- INFORMATION PROVIDED -
--*--

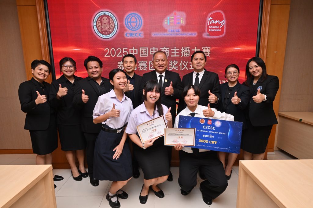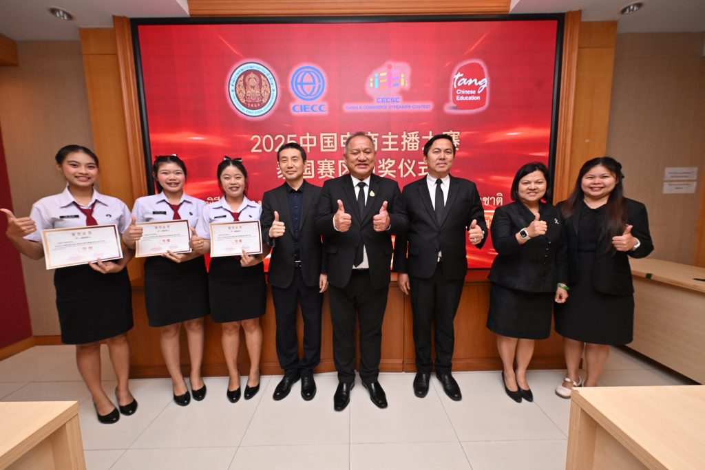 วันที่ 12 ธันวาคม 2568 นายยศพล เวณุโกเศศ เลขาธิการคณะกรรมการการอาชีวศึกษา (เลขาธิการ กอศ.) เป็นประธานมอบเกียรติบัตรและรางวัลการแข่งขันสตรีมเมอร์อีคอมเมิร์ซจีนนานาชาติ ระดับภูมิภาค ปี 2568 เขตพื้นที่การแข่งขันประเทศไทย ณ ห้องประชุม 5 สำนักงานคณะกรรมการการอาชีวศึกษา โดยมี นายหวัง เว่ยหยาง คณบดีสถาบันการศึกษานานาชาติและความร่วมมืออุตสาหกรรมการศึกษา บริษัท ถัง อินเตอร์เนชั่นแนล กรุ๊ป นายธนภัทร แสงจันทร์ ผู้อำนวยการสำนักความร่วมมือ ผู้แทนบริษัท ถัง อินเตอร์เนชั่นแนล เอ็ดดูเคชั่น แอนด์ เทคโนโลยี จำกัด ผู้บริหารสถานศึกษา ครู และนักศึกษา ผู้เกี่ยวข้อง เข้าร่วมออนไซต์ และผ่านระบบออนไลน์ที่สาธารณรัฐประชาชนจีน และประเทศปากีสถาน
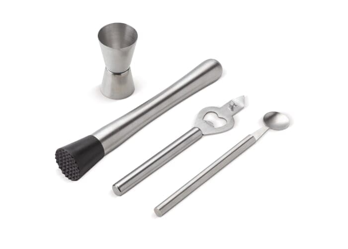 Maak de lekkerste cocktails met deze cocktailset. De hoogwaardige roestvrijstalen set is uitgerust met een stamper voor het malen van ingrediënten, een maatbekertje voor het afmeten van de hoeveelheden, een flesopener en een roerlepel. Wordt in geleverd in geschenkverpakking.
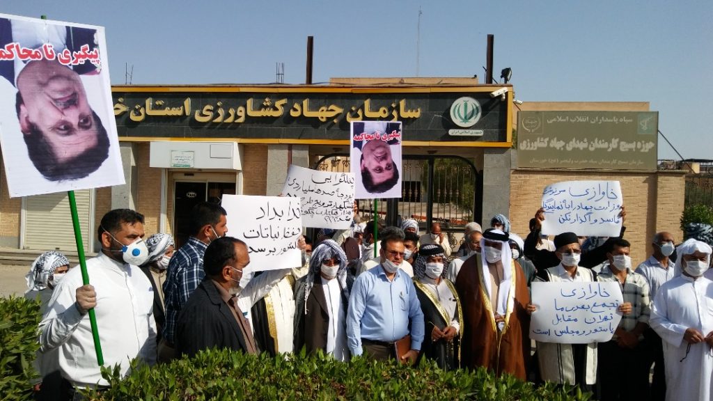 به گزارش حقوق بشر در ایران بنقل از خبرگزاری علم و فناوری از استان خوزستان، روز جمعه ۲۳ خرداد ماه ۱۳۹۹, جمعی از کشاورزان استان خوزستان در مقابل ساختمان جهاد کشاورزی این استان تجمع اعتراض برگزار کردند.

--*--

- DIRECTIONS -
Only the words belong in your copy: restate the data above exactly and leave the images out.

- EXPECTED OUTPUT -
 วันที่ 12 ธันวาคม 2568 นายยศพล เวณุโกเศศ เลขาธิการคณะกรรมการการอาชีวศึกษา (เลขาธิการ กอศ.) เป็นประธานมอบเกียรติบัตรและรางวัลการแข่งขันสตรีมเมอร์อีคอมเมิร์ซจีนนานาชาติ ระดับภูมิภาค ปี 2568 เขตพื้นที่การแข่งขันประเทศไทย ณ ห้องประชุม 5 สำนักงานคณะกรรมการการอาชีวศึกษา โดยมี นายหวัง เว่ยหยาง คณบดีสถาบันการศึกษานานาชาติและความร่วมมืออุตสาหกรรมการศึกษา บริษัท ถัง อินเตอร์เนชั่นแนล กรุ๊ป นายธนภัทร แสงจันทร์ ผู้อำนวยการสำนักความร่วมมือ ผู้แทนบริษัท ถัง อินเตอร์เนชั่นแนล เอ็ดดูเคชั่น แอนด์ เทคโนโลยี จำกัด ผู้บริหารสถานศึกษา ครู และนักศึกษา ผู้เกี่ยวข้อง เข้าร่วมออนไซต์ และผ่านระบบออนไลน์ที่สาธารณรัฐประชาชนจีน และประเทศปากีสถาน
 Maak de lekkerste cocktails met deze cocktailset. De hoogwaardige roestvrijstalen set is uitgerust met een stamper voor het malen van ingrediënten, een maatbekertje voor het afmeten van de hoeveelheden, een flesopener en een roerlepel. Wordt in geleverd in geschenkverpakking.
 به گزارش حقوق بشر در ایران بنقل از خبرگزاری علم و فناوری از استان خوزستان، روز جمعه ۲۳ خرداد ماه ۱۳۹۹, جمعی از کشاورزان استان خوزستان در مقابل ساختمان جهاد کشاورزی این استان تجمع اعتراض برگزار کردند.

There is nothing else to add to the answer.